ASSIGNMENT: Type the records that follow again exactly as written, but drop the pictures.

PROVIDED ENTRIES:
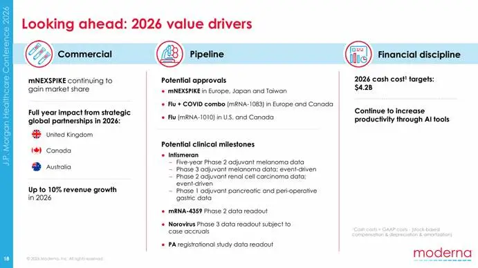 2024年该业务收入为110亿美元,2025年预计将降至65亿美元。到2026年,收入预计进一步回落至50亿美元,在全年595亿至625亿美元的总营收中占比将不足10%。需要指出的是,新冠业务不仅包含mRNA疫苗,也涵盖了口服药物Paxlovid。
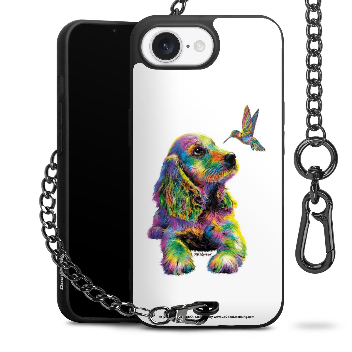 Die Handyhülle verfügt über eine mittig am unteren Rand platzierte Öse, an der die Metallkette stabil befestigt ist. Bestelle die Hülle einfach für Dein Smartphone-Modell, dann passt sie wie angegossen und Du brauchst sie bloß einmal anzudrücken. Handy in die Tasche, Karabiner an den Hosenbund – schon kann die Party starten.
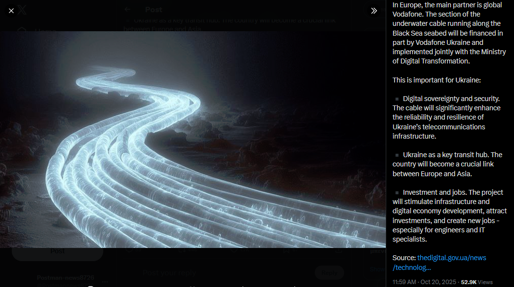 An underwater cable will be laid across the Black Sea to connect Europe and Asia - bypassing Russia.The Kardesa cable system will link Ukraine, Bulgaria, Turkey, and Georgia, becoming part of a digital corridor connecting Europe and Asia. Construction of the first section in Bulgaria is set to begin in 2027, with the project valued at over €100 million.In Europe, the main partner is global Vodafone. The section of the underwater cable running along the Black Sea seabed will be financed in part by Vodafone Ukraine and implemented jointly with the Ministry of Digital Transformation.This is important for Ukraine:▪ Digital sovereignty and security. The cable will significantly enhance the reliability and resilience of Ukraine’s telecommunications infrastructure.▪ Ukraine as a key transit hub. The country will become a crucial link between Europe and Asia.▪ Investment and jobs. The project will stimulate infrastructure and digital economy development, attract investments, and create new jobs - especially for engineers and IT specialists.Source: https://thedigital.gov.ua/news/technologies/bezpechnyy-internet-dlia-ukrayiny-vodafone-proklade-mahistralnyy-kabel-cherez-chorne-moreGlowing white tubular cables snake across a dark seabed forming multiple parallel paths with subtle blue hues suggesting underwater environment and digital connectivity theme.https://x.com/Gerashchenko_en/status/1980227298172264662
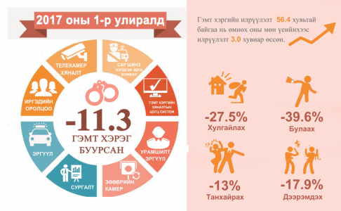 Эдгээр ажлууд нь үр дүнгээ өгч нийслэлийн хэмжээнд 2017 оны 1 дүгээр улиралд 4353 гэмт хэрэг бүртгэгдсэн нь өмнөх оны мөн үеийнхээс 556 хэргээр буюу -11.3 хувиар буурсан. Улсын хэмжээнд бүртгэгдсэн нийт гэмт хэргийн 63.4 хувь нь Улаанбаатар хотод үйлдэгдсэн байна.
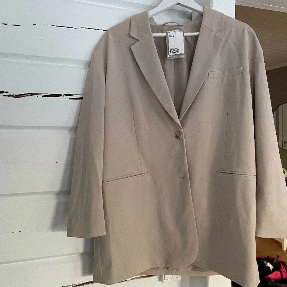 Beige blazer från hm i stel Small. Den är oversized jag har använd den till klänning matchande till boots. Skriv privat för fler bilder! 60 + frakt
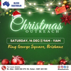 Brisbane, Australia: Bless Australia Brisbane Team will be conducting Christmas Outreach on Saturday, 14th Dec at 9 am at King George Square in Brisbane, Australia. Please contact the numbers on the flyer for more details.

REPLY TO THE TASK:
 2024年该业务收入为110亿美元,2025年预计将降至65亿美元。到2026年,收入预计进一步回落至50亿美元,在全年595亿至625亿美元的总营收中占比将不足10%。需要指出的是,新冠业务不仅包含mRNA疫苗,也涵盖了口服药物Paxlovid。
 Die Handyhülle verfügt über eine mittig am unteren Rand platzierte Öse, an der die Metallkette stabil befestigt ist. Bestelle die Hülle einfach für Dein Smartphone-Modell, dann passt sie wie angegossen und Du brauchst sie bloß einmal anzudrücken. Handy in die Tasche, Karabiner an den Hosenbund – schon kann die Party starten.
 An underwater cable will be laid across the Black Sea to connect Europe and Asia - bypassing Russia.The Kardesa cable system will link Ukraine, Bulgaria, Turkey, and Georgia, becoming part of a digital corridor connecting Europe and Asia. Construction of the first section in Bulgaria is set to begin in 2027, with the project valued at over €100 million.In Europe, the main partner is global Vodafone. The section of the underwater cable running along the Black Sea seabed will be financed in part by Vodafone Ukraine and implemented jointly with the Ministry of Digital Transformation.This is important for Ukraine:▪ Digital sovereignty and security. The cable will significantly enhance the reliability and resilience of Ukraine’s telecommunications infrastructure.▪ Ukraine as a key transit hub. The country will become a crucial link between Europe and Asia.▪ Investment and jobs. The project will stimulate infrastructure and digital economy development, attract investments, and create new jobs - especially for engineers and IT specialists.Source: https://thedigital.gov.ua/news/technologies/bezpechnyy-internet-dlia-ukrayiny-vodafone-proklade-mahistralnyy-kabel-cherez-chorne-moreGlowing white tubular cables snake across a dark seabed forming multiple parallel paths with subtle blue hues suggesting underwater environment and digital connectivity theme.https://x.com/Gerashchenko_en/status/1980227298172264662
 Эдгээр ажлууд нь үр дүнгээ өгч нийслэлийн хэмжээнд 2017 оны 1 дүгээр улиралд 4353 гэмт хэрэг бүртгэгдсэн нь өмнөх оны мөн үеийнхээс 556 хэргээр буюу -11.3 хувиар буурсан. Улсын хэмжээнд бүртгэгдсэн нийт гэмт хэргийн 63.4 хувь нь Улаанбаатар хотод үйлдэгдсэн байна.
 Beige blazer från hm i stel Small. Den är oversized jag har använd den till klänning matchande till boots. Skriv privat för fler bilder! 60 + frakt
 Brisbane, Australia: Bless Australia Brisbane Team will be conducting Christmas Outreach on Saturday, 14th Dec at 9 am at King George Square in Brisbane, Australia. Please contact the numbers on the flyer for more details.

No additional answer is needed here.